>>>

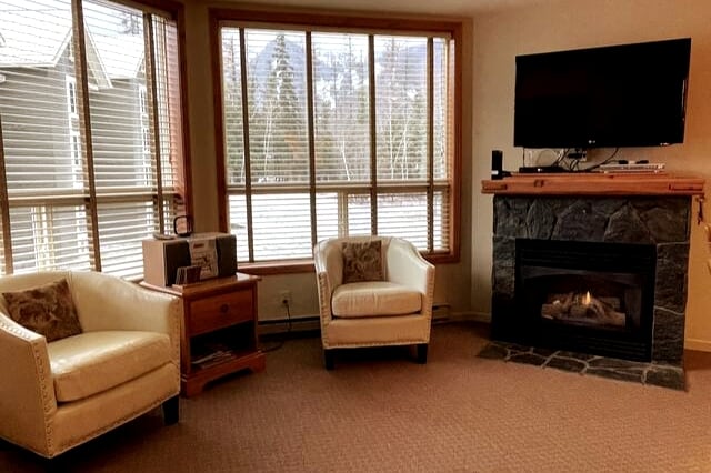 Just a few minutes walk to the chair lifts, you can ski right back in and enjoy access to the large hot tubs. This large 1 bedroom, 1 bathroom condo is perfect year ‘round. It has one of the best views of the mountain and is a main floor unit with open space concept and high ceilings. This condo has everything you need to enjoy your stay and all that Fernie has to offer. See my other listings for option to rent the adjoining hotel room-like 1 bedroom / 1 bathroom unit, sleeping 7.
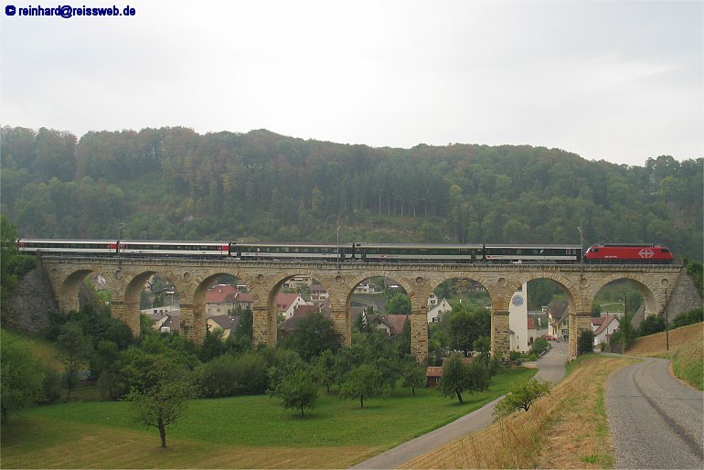 Während der Bauarbeiten an der Aarebrücke bei Olten werden einige Reisezüge über die alte Hauensteinstrecke umgeleitet, hier ist es IC 864 Bern - Basel SBB auf dem Rümlinger Viadukt (15.08.2003).
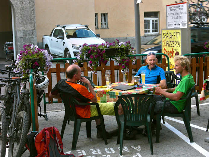 Der steinige Single Trail ST1 von der Steinalm bergab zum Brenner führt großteils im Schwierigkeitsgrad S3/G2. Die steile Rundholztreppe zum Schluss ist mit S4/G3 zu bewerten. Um 18.00 Uhr erreichen wir gemeinsam das Ziel am Brenner. Diskussionslos gibt es jetzt Pizza, Bier und Aperol Sprizz. Für die Heimfahrt entlang der Brenner Bundesstraße B181 ist es immer noch lang genug hell. Bis Steinach am Brenner geht es ohnehin bergab und auf den Flachpassagen sorgt der Südwind dafür, dass wir Innsbruck früher erreichen als geplant. Am Ende zeigt der Tacho eine stolze dreistellige Kilometerzahl an.
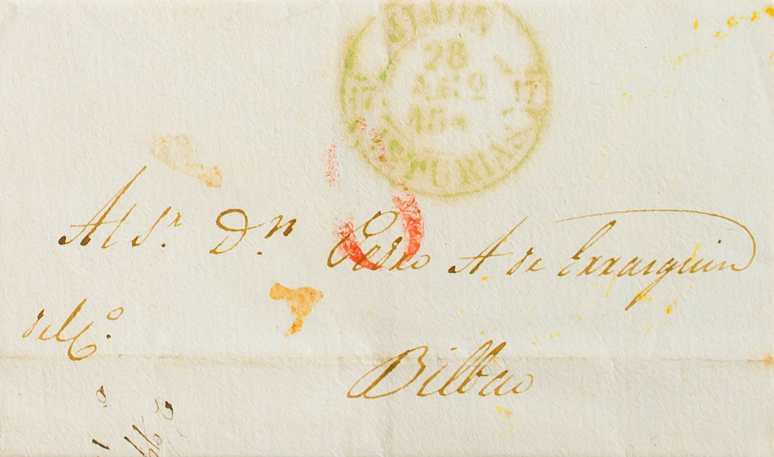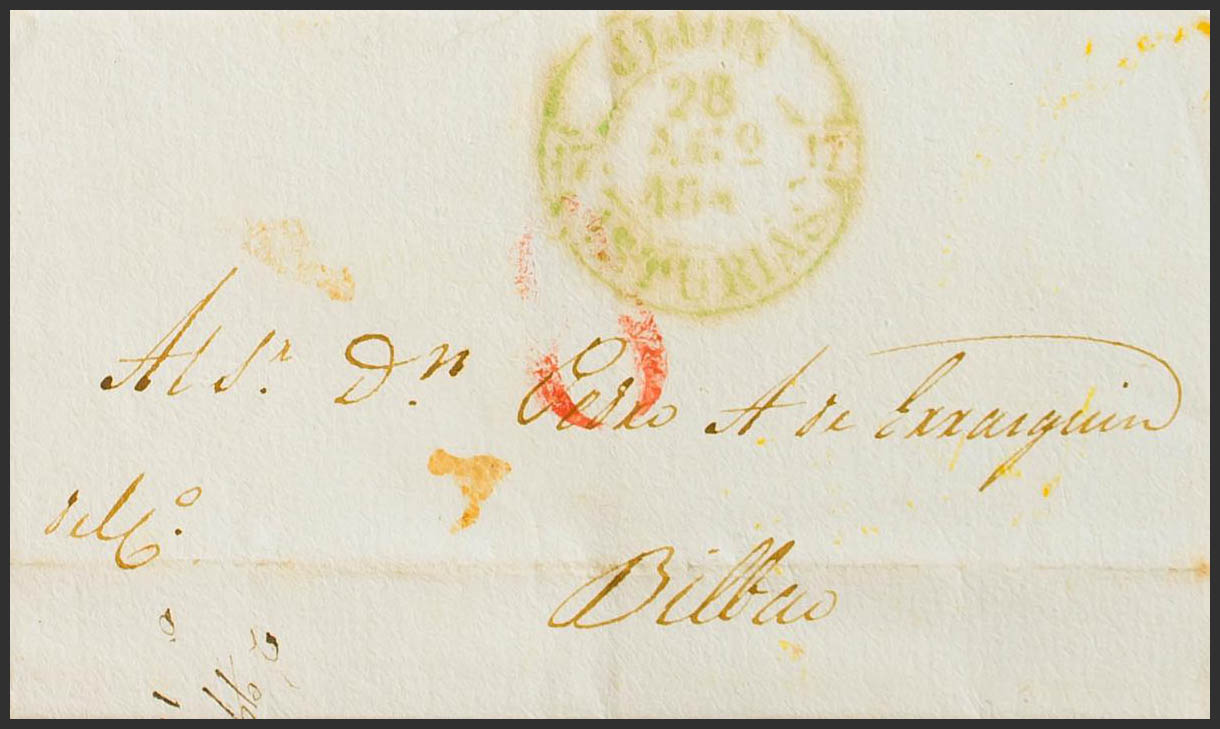 English 1844. GIJON to BILBAO. Baeza JIJON / ASTURIAS, in green. MAGNIFICENT.

<<<

## [What is needed]
Copy back, word for word, every line between the top of the material above and the line that contains "Während der Bauarbeiten", both included, without any pictures.

## [Exercise answer]
 Just a few minutes walk to the chair lifts, you can ski right back in and enjoy access to the large hot tubs. This large 1 bedroom, 1 bathroom condo is perfect year ‘round. It has one of the best views of the mountain and is a main floor unit with open space concept and high ceilings. This condo has everything you need to enjoy your stay and all that Fernie has to offer. See my other listings for option to rent the adjoining hotel room-like 1 bedroom / 1 bathroom unit, sleeping 7.
 Während der Bauarbeiten an der Aarebrücke bei Olten werden einige Reisezüge über die alte Hauensteinstrecke umgeleitet, hier ist es IC 864 Bern - Basel SBB auf dem Rümlinger Viadukt (15.08.2003).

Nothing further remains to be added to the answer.